The department is still parsing through the employee data, but VA Secretary Denis McDonough said the agency is seeing a “bigger number” than it did for recent policies requiring employees to receive their annual flu shot.
The department will take each employee’s accommodation request seriously, McDonough said, and VA won’t question the legitimacy of their religious exception.
But if the department receives too many requests for an exception, VA may have to make some tough choices.
“We will of course try to accommodate the religious exception for an employee who has sought the religious exception from being vaccinated,” he told reporters Wednesday at a monthly press briefing. “But if we’re not able to operate certain health care capabilities or provide certain services — for example if too many employees claim an exemption — this would present an undue hardship to us and ultimately to the veteran. So in that case when we’re faced with an undue hardship by a lack of a vaccinated employee, my intention is to deny that employee the religious exception. Once we have all the necessary data, we’ve worked through the [disciplinary] process … and at the end of that process the employee still refuses to get vaccinated, they’ll be separated.”
In guidance to the broader federal workforce, the Biden administration has advised agencies to consider a variety of factors for granting vaccine accommodations, including “the basis for the claim; the nature of the employee’s job responsibilities; and the reasonably foreseeable effects on the agency’s operations, including protecting other agency employees and the public from COVID-19.”
Roughly 70% of the VHA workforce has so far submitted details to the department about their vaccination status, McDonough said.
Put another way, of VHA’s 380,000-person workforce, 266,000 employees have told the department about their vaccination status.
That doesn’t mean 70% of the VHA workforce is vaccinated and the remaining 30%, or 114,000 employees, are not, McDonough said.
VHA has begun the disciplinary process for those employees who have not yet shared their vaccination status with the department, McDonough said.
“The process starts with counseling and, if we get to it, ends with separation,” he said. “There’s a lot of steps along the way.”
McDonough said part of the counseling process will give VHA employees an additional opportunity to share their vaccination status and provide the appropriate documentation to the department.
“How many will be counseled? I just don’t have that number yet,” McDonough said. “But I know 30% of that topline number are going to be getting a visit to make sure that they get their data into the system. Our employees are required to do that.”
Under VHA’s mandate, health care employees had until Oct. 8 to either get fully vaccinated or request a medical or religious accommodation.

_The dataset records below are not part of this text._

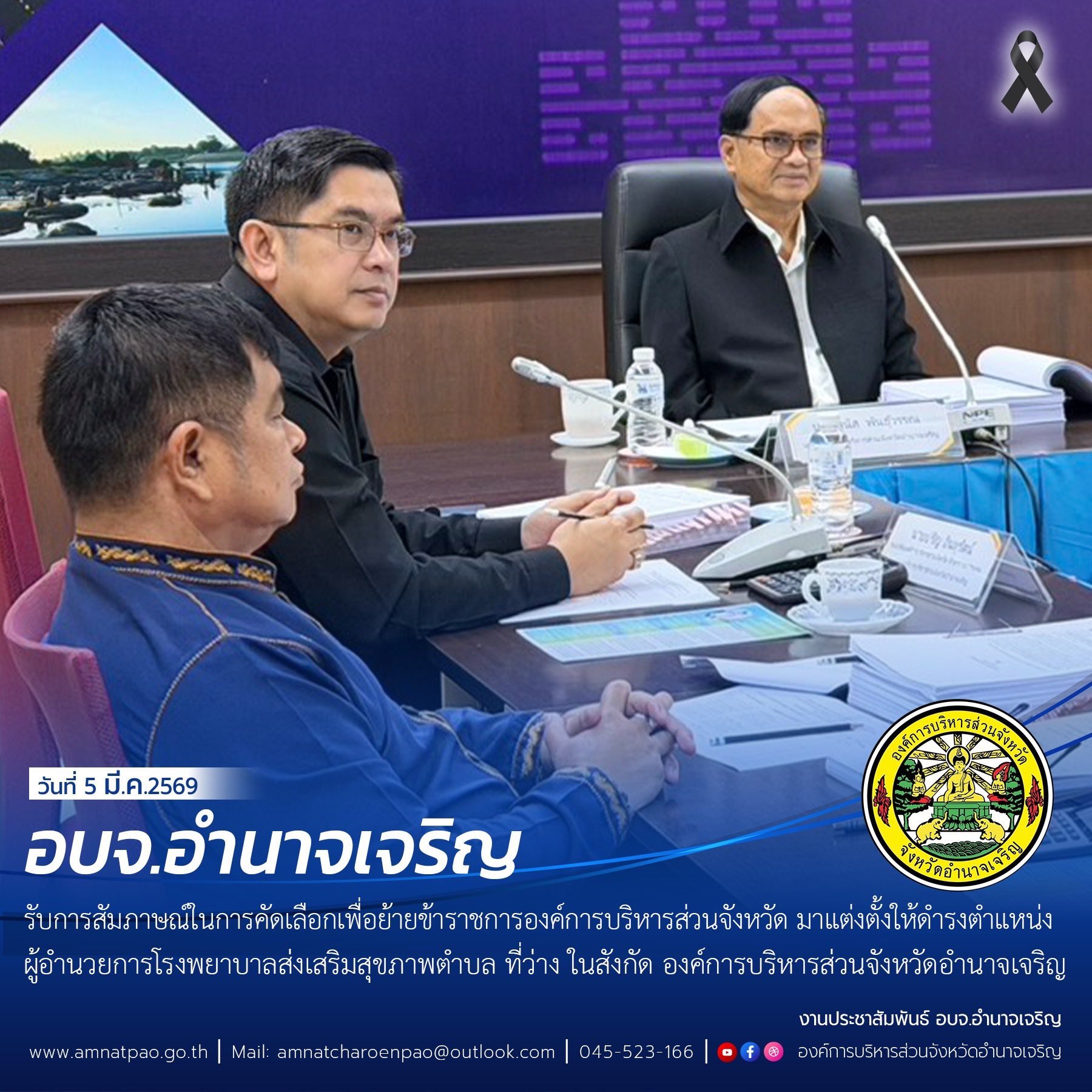 วันที่ 5 มีนาคม 2569 เวลา 09.00 น. ณ ห้องประชุม Room 1103 อบจ.อำนาจเจริญ นายพนัส พันธุ์วรรณ นายก อบจ.อำนาจเจริญ เป็นประธานคณะกรรมการ สอบสัมภาษณ์ในการคัดเลือกเพื่อย้ายข้าราชการองค์การบริหารส่วนจังหวัด เพื่อแต่งตั้งให้ดำรงตำแหน่งผู้อำนวยการโรงพยาบาลส่งเสริมสุขภาพตำบล ที่ว่าง ในสังกัด องค์การบริหารส่วนจังหวัดอำนาจเจริญ พร้อมคณะกรรมการที่เกี่ยวข้อง รับการสัมภาษณ์ในการคัดเลือกในครั้งนี้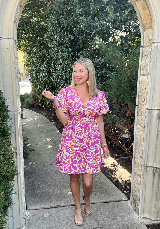 Regular price $58.00Regular priceUnit price / perSale price $58.00Flirty, fun, and effortlessly stylish—the Penelope Pink Wrap Mini Dress is your new go-to for any occasion. Featuring a playful allover print, a flattering wrap silhouette, and breezy short sleeves, this dress is perfect for everything from brunch... -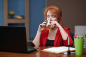 Zdjęcie "Kobieta pracuje zdalnie na laptopie w kuchni. Dziewczyna rozmawia ze swoimi kolegami na internetowej odprawie biznesowej w domu. Dama trzyma szklankę kawy przygotowując się do wykładu na rozmowie wideo." może być wykorzystywane do celów osobistych i komercyjnych zgodnie z warunkami zakupionej licencji Royalty-free. Obraz jest dostępny do pobrania w jakości wysokiej rozdzielczości do 5760x3840.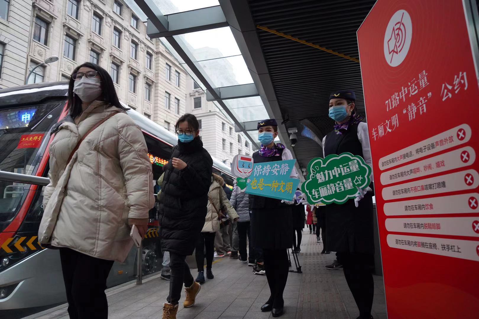 继上海地铁颁出“静音令”、京沪高铁设置静音车厢后,1月5日,中运量71路在上海公交行业首次推出车厢文明静音公约,希望乘客自觉践行“勿在车厢内将电子设备声音外放”等行为。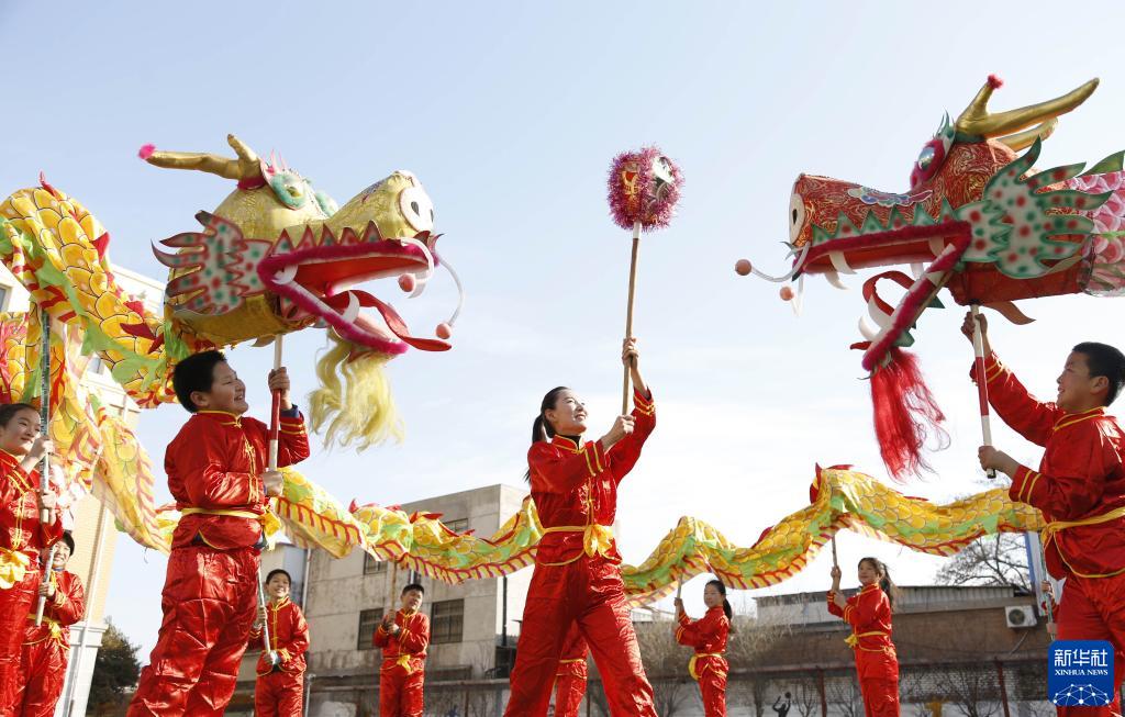 2月21日,河北省邢臺(tái)市東牛角小學(xué)學(xué)生在表演舞龍。

The broader federal workforce, which includes employees from VA’s National Cemetery Administration and Veterans Benefits Administration, is subject to a separate executive order mandating vaccinations, which President Joe Biden signed last month.
Under that order, federal employees must be fully vaccinated by Nov. 22.
Like the Biden administration and the Office of Personnel Management have suggested, VA will use a concept known as progressive discipline to enforce the vaccine mandate.
The counseling phase may take a week or two, McDonough said.
“It could take, over the life of that disciplinary process, as long as two to three months,” he said. “It needn’t take that long, but it could take that long. My commitment to the veterans is to execute this transparently, and it’s the same commitment I’ve made to the employees. It will be executed transparently in a fact-based way, individualized to each employee’s particular situation but always with veterans’ safety at the heart of the determination.”
McDonough and the department had previously provided a variety of data describing the number of vaccinated VA employees.
Last month, the department said about 75% of VHA employees were fully vaccinated. That data was based on employee attestations, McDonough said.
“I’ve been briefing you off different types of data that we’ve had now for a couple of months,” he said. “Some of it was attestation. We now, consistent with our established policy and the president’s guidance, have a process where by employees actually upload, in a way that protects their privacy, fact of and confirmation of the vaccination. We’re just digging into that now.”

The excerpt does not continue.